Lens refractive power was measured with a custom optical system based on the Scheiner principle. PR-171 mw The refractive contributions of the gradient, the surfaces, and the equivalent refractive index were calculated with optical ray-tracing software. The age dependence of the optical and biometric parameters was assessed.\n\nRESULTS. Over the measured age range isolated lens thickness decreased (baboon: -0.04, cyno:
-0.05, and rhesus: -0.06 mm/y) and equatorial diameter increased (logarithmically for the baboon and rhesus, and linearly for cyno: 0.07 mm/y). The isolated lens surfaces flattened and the corresponding refractive power from the surfaces decreased with age (-0.33, -0.48, and -0.68 D/y). The isolated lens equivalent refractive index decreased (only significant for the baboon, -0.001 D/y), and as a result the total isolated lens refractive power decreased with age (baboon: -1.26, cyno: -0.97, and rhesus: -1.76 D/y).\n\nCONCLUSIONS. The age-dependent trends in the optical and biometric properties, growth, and aging, of nonhuman primate lenses are similar to those of the pre-presbyopic YM155 human lens. As the lens ages, the decrease in refractive contributions from the gradient refractive index causes a rapid age-dependent decrease in maximally accommodated lens refractive
power. (Invest Ophthalmol Vis Sci. 2010; 51: 2118-2125) DOI:10.1167/iovs.09-3905″
“Background: Development of anticancer drugs is challenging. Indeed, much research effort has been spent in the development of new drugs to improve clinical outcomes with minimal toxicity.

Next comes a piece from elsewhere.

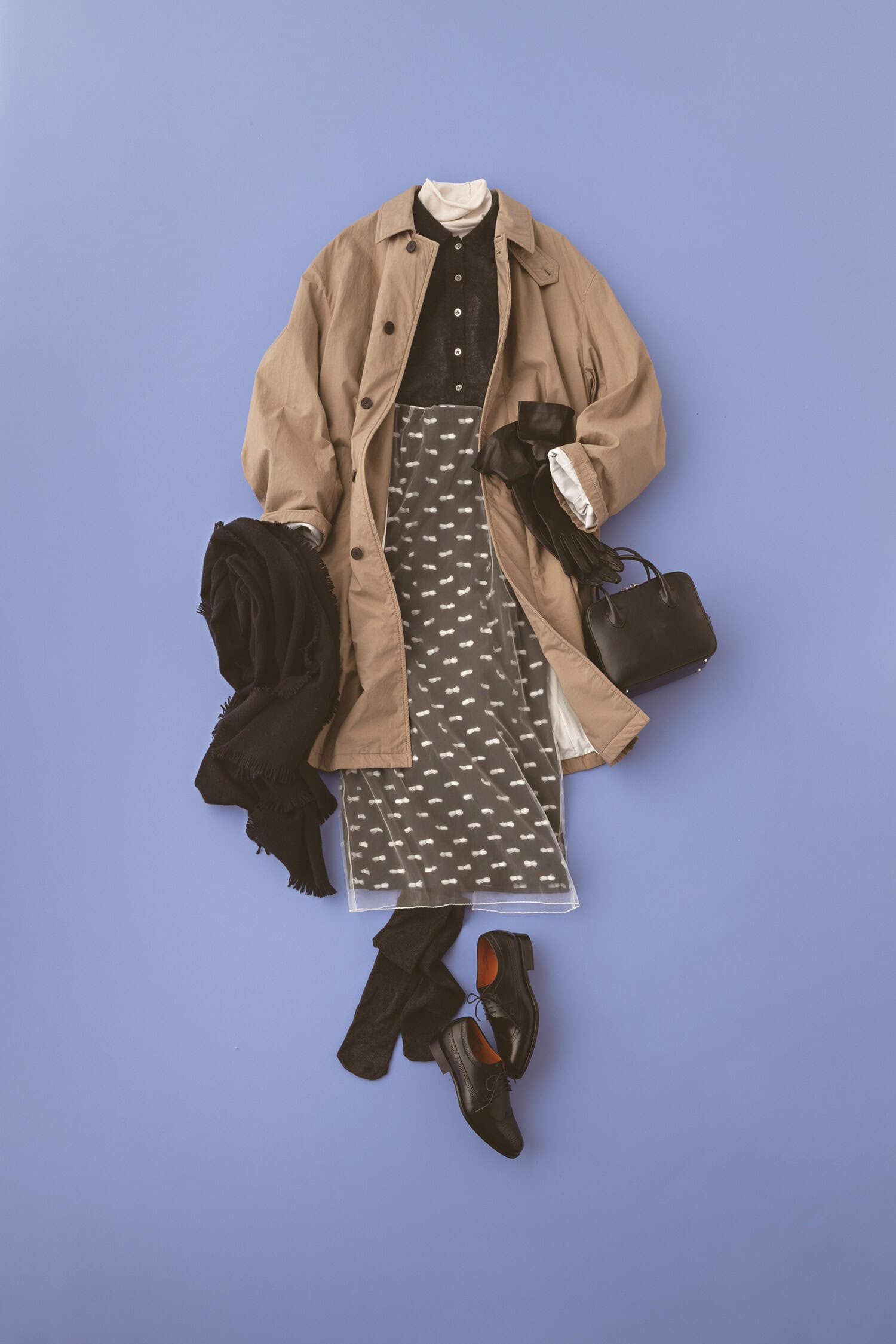 スカート¥30,000(シーニュ)トレンチコート¥143,000(エイトン青山)衿付きニット¥42,900(サクラ/インターリブ)ハイネックニット¥20,000(トゥ)バッグ¥68,200(メゾン カナウ/ヤマニ)シューズ¥39,600(ジャランスリウァヤ 日本橋)ストール¥41,800(アソース メレ/アイネックス)グローブ¥26,400(イタルグアント/アルアバイル)タイツ私物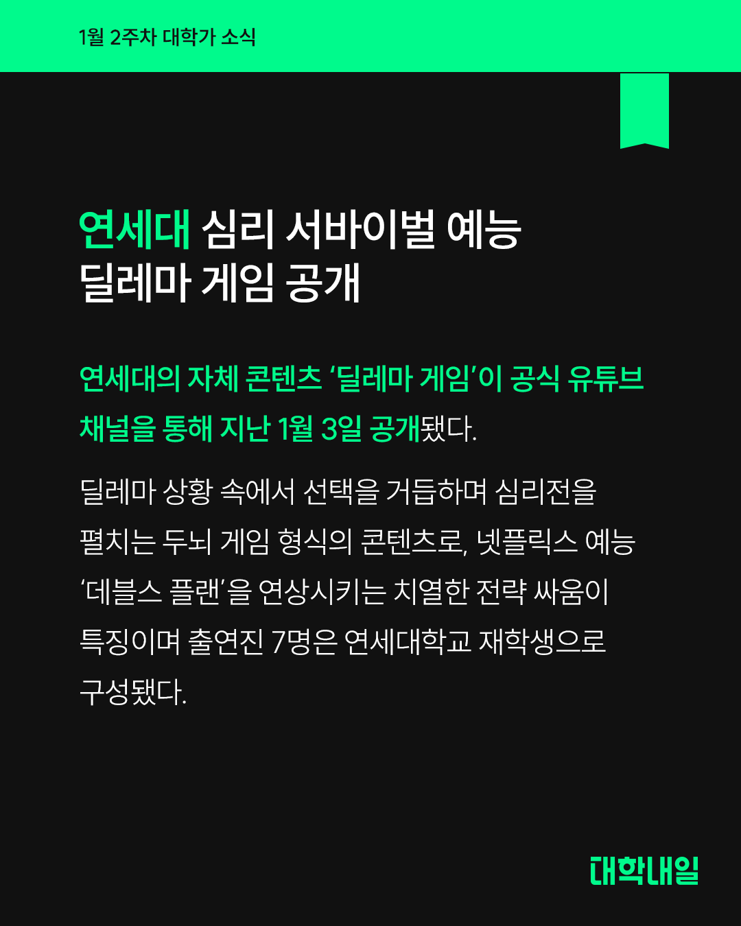 연세대의 자체 콘텐츠 <딜레마 게임>이 공식 유튜브 채널을 통해 지난 1월 3일 공개됐다. 딜레마 상황 속에서 선택을 거듭하며 심리전을 펼치는 두뇌 게임 형식의 콘텐츠로, 넷플릭스 예능 ‘데블스 플랜’을 연상시키는 치열한 전략 싸움이 특징이며 출연진 7명은 연세대학교 재학생으로 구성됐다.

We have previously reported that a formulation of lipid gold porphyrin nanoparticles reduced systemic drug toxicity when compared with free gold porphyrin. In this study, we investigated the delivery Acalabrutinib mouse and treatment efficiency of PEG surface-modified lipid nanoparticles as a carrier platform.\n\nMethods: We encapsulated antitumor drugs into PEG-modified lipid nanoparticles and these were characterized by size, zeta potential, and encapsulation efficiency. The delivery efficiency into tumor tissue was evaluated using a biodistribution study. To evaluate antitumor efficacy, gold porphyrin or camptothecin (a DNA topoisomerase I inhibitor) were encapsulated and compared using an in vivo neuroblastoma (N2A) model.\n\nResults: We showed that drug encapsulation into PEG-modified lipid nanoparticles enhanced the preferential uptake in tumor tissue. Furthermore, higher tumor killing efficiency was observed in response to treatment with PEG-modified lipid nanoparticles encapsulating gold porphyrin or camptothecin when compared with free gold porphyrin or free camptothecin. The in vivo antitumor effect was further confirmed by study of tumor inhibition and positive apoptosis activity.